Whitmer joins nearly every state in the country in maintaining a state of emergency to cope with the COVID-19 pandemic.
Credit: Courtesy photos
Gov. Gretchen Whitmer providing an update on when schools can resume in-person learning at a June 17 press conference.

LANSING, Mich. — Governor Whitmer today signed Executive Order 2020-127, which extends the state of emergency declaration related to the COVID-19 pandemic until July 16. 

In doing so, Governor Whitmer joins nearly every state in the country in maintaining a state of emergency to cope with the COVID-19 pandemic.

“The aggressive measures we took at the start of the COVID-19 pandemic have worked to flatten the curve, but there is still more to be done to prevent a second wave,” Whitmer said in a press release Thursday. “We owe it to the heroes on the front lines to keep doing our part by wearing a mask when in public and practicing social distancing. Now is not the time to get complacent. We must continue to stay vigilant and flexible in order to reduce the chance of a second wave.” 
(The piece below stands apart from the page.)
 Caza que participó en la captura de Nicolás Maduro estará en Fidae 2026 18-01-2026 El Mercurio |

View the executive order in full here.

The press release cited a report by the Imperial College COVID-19 Response Team, saying the aggressive actions taken to protect Michiganders from the spread of COVID-19 have significantly lowered the number of cases and deaths that would have occurred had the state done nothing. Without intervention, Michigan might have experienced 28,000 more positive cases before June 1, the press release detailed.
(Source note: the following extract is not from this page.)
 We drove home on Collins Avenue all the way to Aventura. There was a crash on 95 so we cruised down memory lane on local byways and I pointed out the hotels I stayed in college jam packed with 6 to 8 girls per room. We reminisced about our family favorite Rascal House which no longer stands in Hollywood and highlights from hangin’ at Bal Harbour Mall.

“The data backs it up: The Stay Home, Stay Safe Order undeniably saved lives,” Whitmer continued. “Very few states dropped their infection rate as low and for as long as Michigan has, and I want thank everyone who stepped up to do their part to protect our communities.” 

With the reduction in COVID-19 case counts, Gov. Whitmer has relaxed restrictions over the last several weeks on business activities and daily life. 

On June 1, she announced that most of the state would move to Phase 4 of the governor’s Start plan, allowing retailers and restaurants to resume operations. Hair salons and other personal care services followed two weeks later. 

On June 10, the Upper Peninsula and the region surrounding Traverse City were moved to phase 5 allowing for the reopening of movie theaters, gyms and bowling alleys. 

If current trends continue the rest of the state will be moved to phase 5 by July 4. 

The state of emergency also is the foundation for previous orders that make a larger range of people eligible for unemployment for an additional six weeks, pauses evictions, and requires masks and continued social distancing.